Bishopstone is a village and civil parish in Wiltshire, England, in the Ebble valley about 5.5 mi south-west of Salisbury. The parish is on the county boundary with Hampshire and includes the small village of Croucheston and the hamlet of The Pitts (now Pitts Road).

==History==
The area was settled in prehistoric times. There was a bowl barrow near Croucheston Down Farm and Grim's Ditch, a prehistoric earthwork, forms the southern boundary of the parish. The Roman road from Old Sarum to Dorchester crosses the river near Throope.

Before the 10th century, much of the land forming the present-day parish was part of a large estate called Downton. Early in the 10th century a manor at what is now Bishopstone was granted to Winchester Abbey as an early endowment; around that time the whole river valley was known as Ebbesborne, and the village had the same name. A prefix "Bishop's" was sometimes used to distinguish the village from another in the same valley, and in the later Middle Ages the parish became known as Bishopstone; meanwhile the other village became Ebbesbourne Wake.

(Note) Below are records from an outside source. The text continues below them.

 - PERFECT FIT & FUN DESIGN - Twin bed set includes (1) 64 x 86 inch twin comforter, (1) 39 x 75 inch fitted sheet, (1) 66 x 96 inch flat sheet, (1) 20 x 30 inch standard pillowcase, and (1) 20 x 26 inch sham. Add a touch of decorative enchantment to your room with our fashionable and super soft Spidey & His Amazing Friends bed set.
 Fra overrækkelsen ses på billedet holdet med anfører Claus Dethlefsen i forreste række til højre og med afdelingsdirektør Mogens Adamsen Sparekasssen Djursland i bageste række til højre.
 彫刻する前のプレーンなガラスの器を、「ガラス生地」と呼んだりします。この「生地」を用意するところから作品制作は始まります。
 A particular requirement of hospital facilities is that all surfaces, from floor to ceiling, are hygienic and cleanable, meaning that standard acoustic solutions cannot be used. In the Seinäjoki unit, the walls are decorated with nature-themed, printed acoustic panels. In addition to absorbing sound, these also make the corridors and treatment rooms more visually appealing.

The Domesday Book in 1086 divided the Chalke Valley into eight manors: Chelke (Chalke – Broad Chalke and Bowerchalke), Eblesborne (Ebbesbourne Wake), Fifehide (Fifield Bavant), Cumbe (Coombe Bissett), Humitone (Homington), Odestoche (Odstock), Stradford (Stratford Tony and Bishopstone) and Trow (circa Alvediston and Tollard Royal).

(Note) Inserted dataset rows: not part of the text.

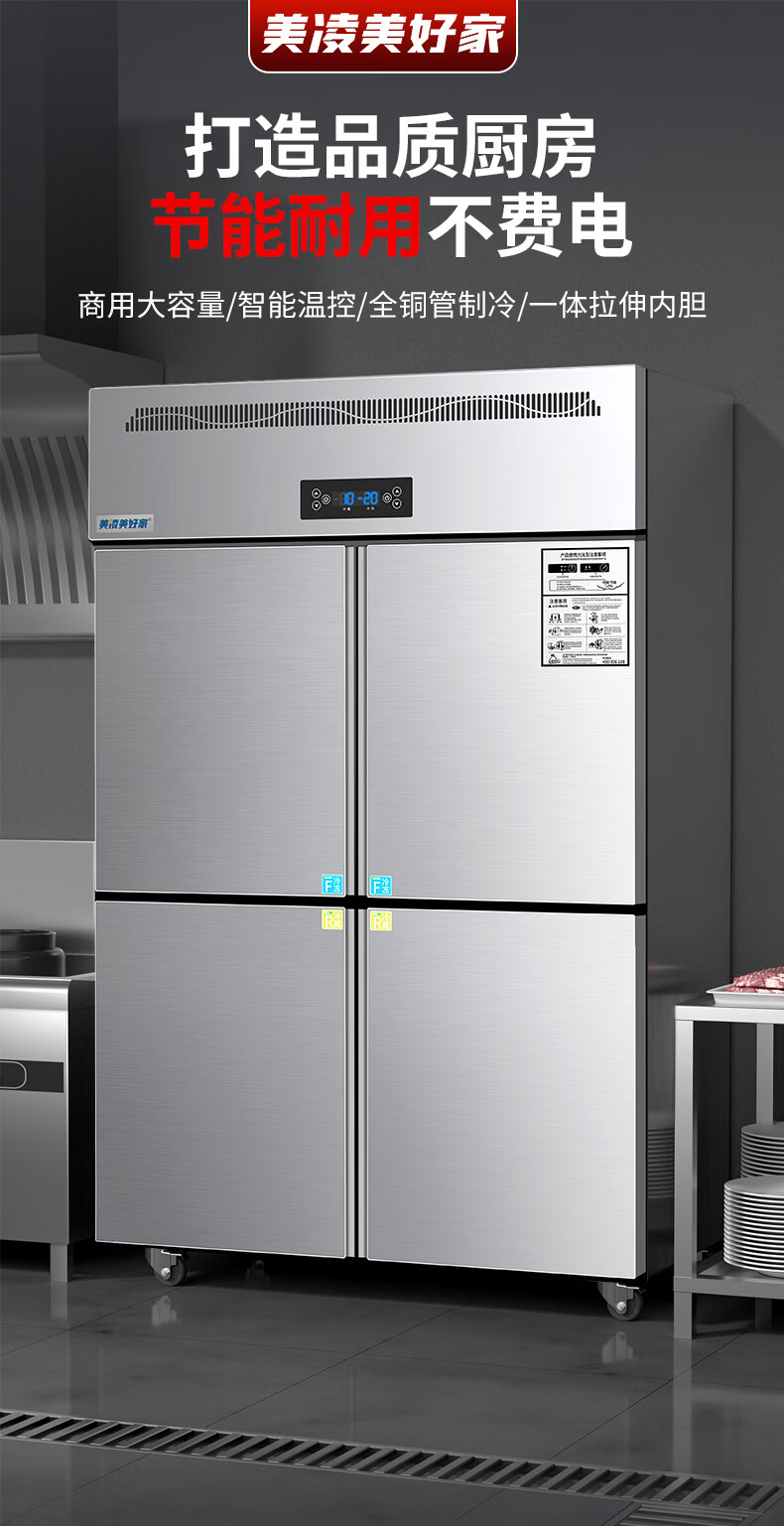 Meiling Beautiful Home has 20% subsidy four-door refrigerator commercial fruit and vegetable six-door fresh cabinet catering kitchen hotel dual-temperature refrigeration and freezing large-capacity stainless steel four-door freezer four-door capacity upgraded model丨upper refrigeration and lower freezer丨all steel and all copper-20 C commercial large capacity丨high-efficiency refrigeration丨brand compressor
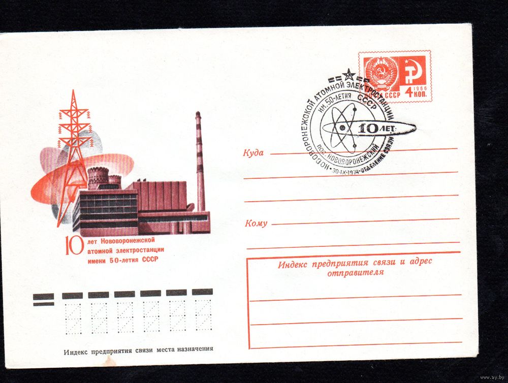Художественный маркированный конверт СССР со спецгашением N 9911 (12.08.1974) 10 лет Нововоронежской атомной электростанции имени 50-летия СССР
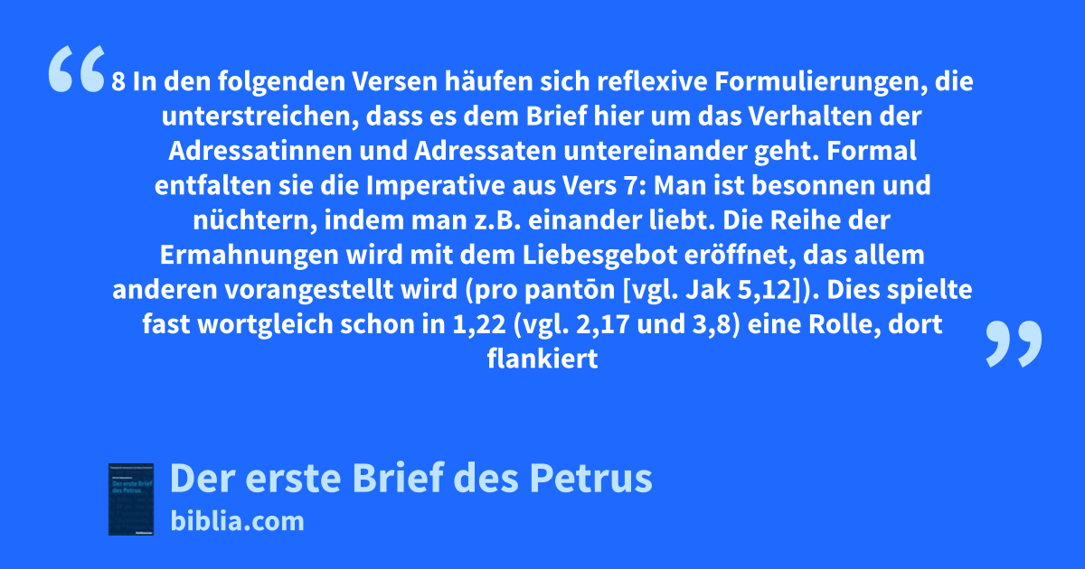 Der erste Petrusbrief richtet sich an Gemeinden, die in ihrem Herkunftsumfeld Diskriminierungserfahrungen machen, nachdem sie sich zum durch Jesus vermittelten Glauben an den einen Gott hingewandt hatten. Der Brief stellt diese Erfahrungen in neue Deutungshorizonte, indem er sie z. B. als notwendige Konsequenz der Zugehörigkeit zu Gott oder als Aktualisierung der Nachfolge des Gesalbten...

The parish contained six ancient townships, possibly since Saxon times, each with land bounded by the river. To the north of the river these were Bishopstone (with the parish church), Netton and Flamston; to the south, Throope, Faulston and Croucheston. The roadside settlement known as The Pitts developed in the 19th century.

=== Faulston ===
Faulston (or Falston, Falstone) manor was inherited in 1328 by Thomas Benton (d. 1358) whose descendants had surnames Baynton or Bayntun. The estate was confiscated from Sir Robert Baynton in 1475 for his support of Henry VI at the Battle of Tewkesbury, and granted to John Cheyne, later Baron Cheyne; but returned in 1503 to Sir Robert's son John (d. 1516). Sir John's son and heir Sir Edward Bayntun (c.1480 – 1544) was a soldier and courtier who was a royal favourite, appointed vice-chamberlain to Queen Anne Boleyn and later wives of Henry VIII. Sir Edward's second wife was Isabel Leigh, half sister to Catherine Howard, Henry's fifth wife. After Isabel's death in 1573, the manor was inherited by a younger son Henry, who sat for several Wiltshire constituencies but "without leaving any mark on the known proceedings of the House".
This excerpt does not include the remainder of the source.